(DATASET CONTENT):
============

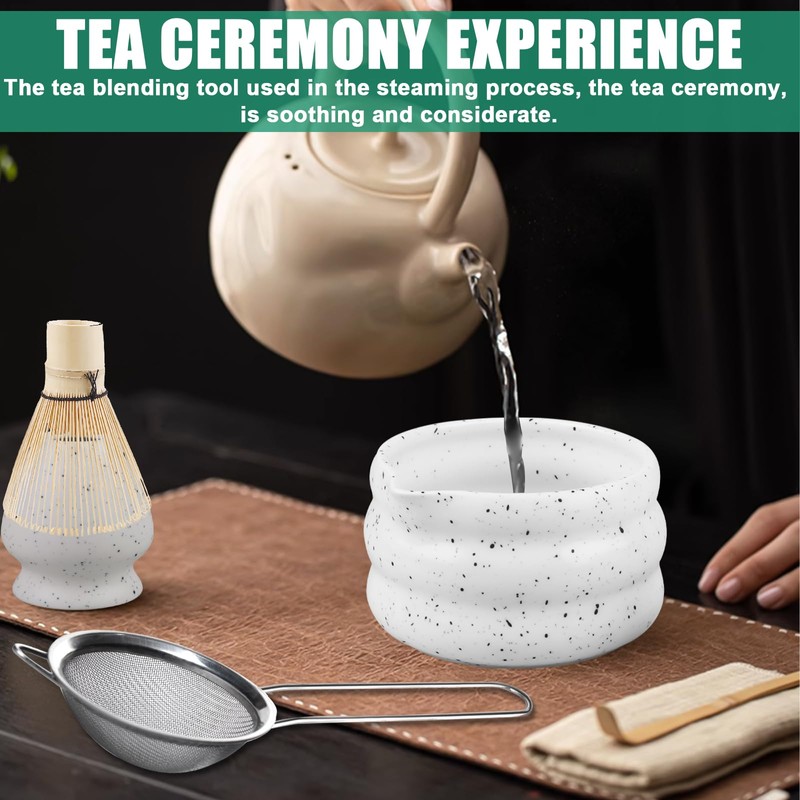 - PREMIUM MATCHA TEA SET - Everything for the perfect tea ceremony: our high quality matcha set includes everything you need for the traditional Japanese tea ceremony: a classy matcha bowl (chawan), a bamboo whisk (chasen), a matcha spoon (chashaku) and a handy strainer. Enjoy creamy, foamy matcha tea just like in Japan - simple and stylish
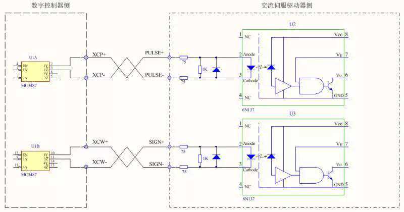 控制器输出的位置指令,一般是经线驱动器处理的差分对信号,而驱动器一般用高速光耦接收位置指令脉冲,参考图三。
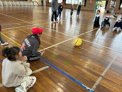 協力して転がします。「自分からボールを触ってくれた!」と友だちも嬉しそうです。
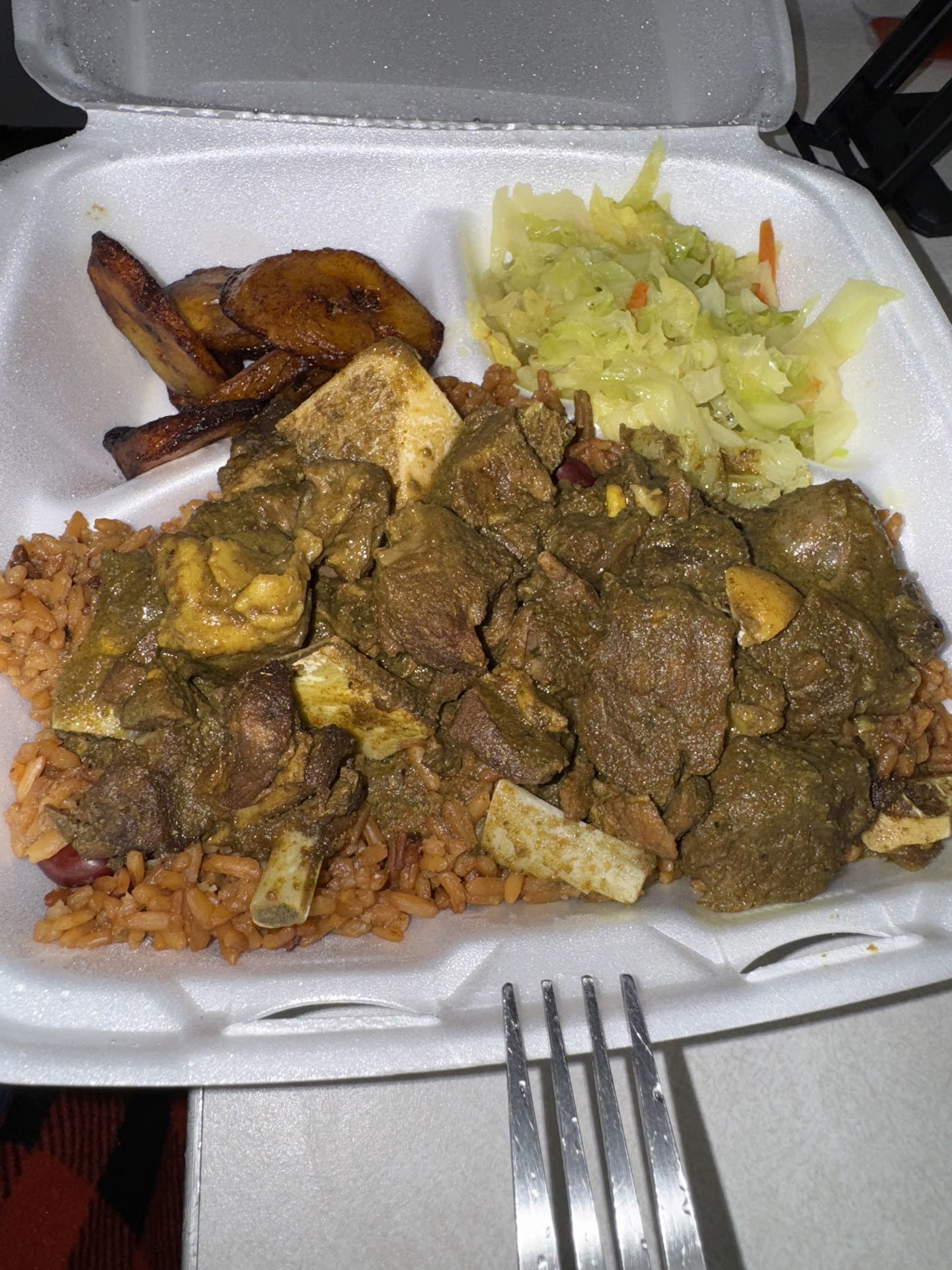 Ā Ā Ā Read moreOrdered: Large Curry Goat with Rice and Peas. Sides were cabbage and plantains.

============

(TASK PROMPT): At the line containing "協力して転がします。「自分からボールを触ってくれた!」と友だちも嬉しそうです。", start reproducing exactly, and stop after the last line of the listing; include both ends, and leave the pictures out.

(TASK RESULT):
 協力して転がします。「自分からボールを触ってくれた!」と友だちも嬉しそうです。
 Ā Ā Ā Read moreOrdered: Large Curry Goat with Rice and Peas. Sides were cabbage and plantains.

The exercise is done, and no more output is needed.